[Stored data]
- Opening Delimiter -

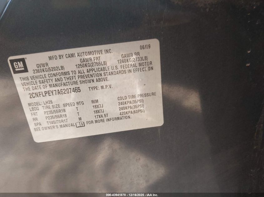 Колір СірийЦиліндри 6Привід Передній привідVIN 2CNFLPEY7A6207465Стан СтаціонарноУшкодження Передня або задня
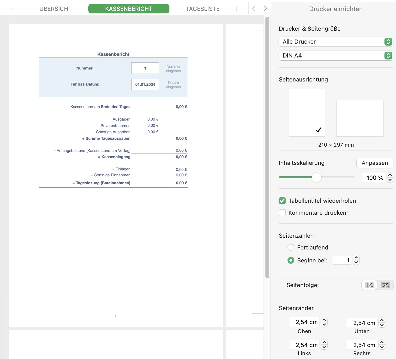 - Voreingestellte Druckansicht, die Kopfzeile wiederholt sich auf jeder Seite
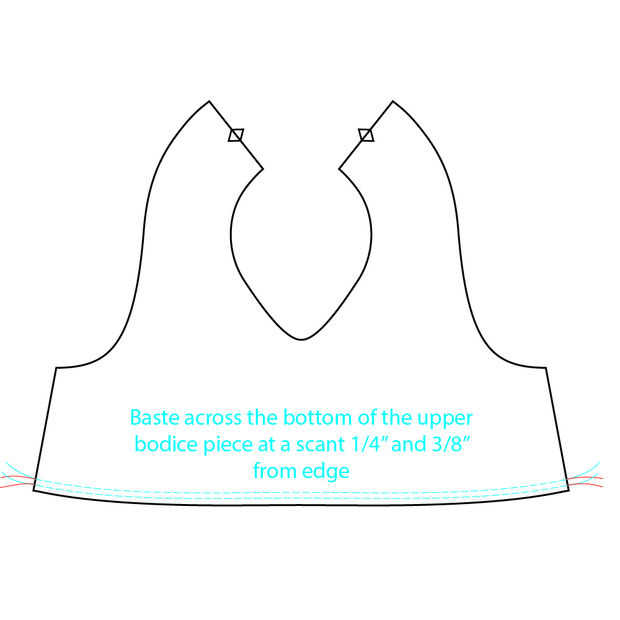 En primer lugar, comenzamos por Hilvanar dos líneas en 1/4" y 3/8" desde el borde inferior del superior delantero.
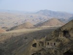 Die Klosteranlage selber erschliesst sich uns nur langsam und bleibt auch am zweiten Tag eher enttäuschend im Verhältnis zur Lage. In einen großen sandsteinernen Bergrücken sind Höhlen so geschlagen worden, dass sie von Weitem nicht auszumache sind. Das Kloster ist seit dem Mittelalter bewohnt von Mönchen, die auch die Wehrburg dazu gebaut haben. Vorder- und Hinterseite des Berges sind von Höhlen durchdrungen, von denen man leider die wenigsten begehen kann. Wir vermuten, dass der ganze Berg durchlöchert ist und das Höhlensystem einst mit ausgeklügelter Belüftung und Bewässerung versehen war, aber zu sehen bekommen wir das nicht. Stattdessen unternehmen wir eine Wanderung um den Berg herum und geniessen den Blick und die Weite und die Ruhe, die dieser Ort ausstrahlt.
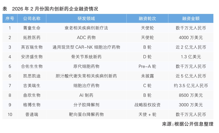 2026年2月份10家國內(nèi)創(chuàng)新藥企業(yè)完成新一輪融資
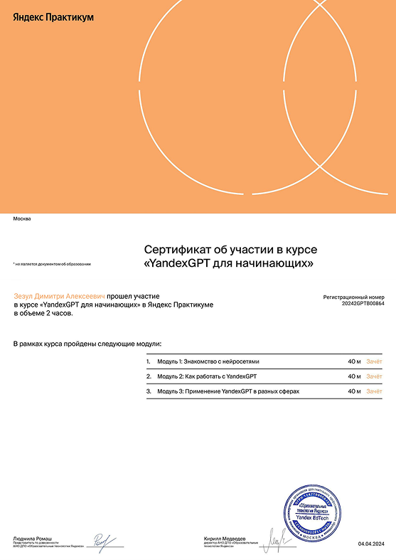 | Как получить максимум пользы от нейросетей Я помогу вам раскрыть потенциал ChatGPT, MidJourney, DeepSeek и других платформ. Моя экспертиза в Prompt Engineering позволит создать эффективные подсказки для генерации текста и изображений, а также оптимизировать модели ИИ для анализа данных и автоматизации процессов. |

- Closing Delimiter -

**How to complete this task**:
Reproduce the data exactly as it appears above. Pictures are to be left out.

**Result of the exercise**:
 Колір СірийЦиліндри 6Привід Передній привідVIN 2CNFLPEY7A6207465Стан СтаціонарноУшкодження Передня або задня
 - Voreingestellte Druckansicht, die Kopfzeile wiederholt sich auf jeder Seite
 En primer lugar, comenzamos por Hilvanar dos líneas en 1/4" y 3/8" desde el borde inferior del superior delantero.
 Die Klosteranlage selber erschliesst sich uns nur langsam und bleibt auch am zweiten Tag eher enttäuschend im Verhältnis zur Lage. In einen großen sandsteinernen Bergrücken sind Höhlen so geschlagen worden, dass sie von Weitem nicht auszumache sind. Das Kloster ist seit dem Mittelalter bewohnt von Mönchen, die auch die Wehrburg dazu gebaut haben. Vorder- und Hinterseite des Berges sind von Höhlen durchdrungen, von denen man leider die wenigsten begehen kann. Wir vermuten, dass der ganze Berg durchlöchert ist und das Höhlensystem einst mit ausgeklügelter Belüftung und Bewässerung versehen war, aber zu sehen bekommen wir das nicht. Stattdessen unternehmen wir eine Wanderung um den Berg herum und geniessen den Blick und die Weite und die Ruhe, die dieser Ort ausstrahlt.
 2026年2月份10家國內(nèi)創(chuàng)新藥企業(yè)完成新一輪融資
 | Как получить максимум пользы от нейросетей Я помогу вам раскрыть потенциал ChatGPT, MidJourney, DeepSeek и других платформ. Моя экспертиза в Prompt Engineering позволит создать эффективные подсказки для генерации текста и изображений, а также оптимизировать модели ИИ для анализа данных и автоматизации процессов. |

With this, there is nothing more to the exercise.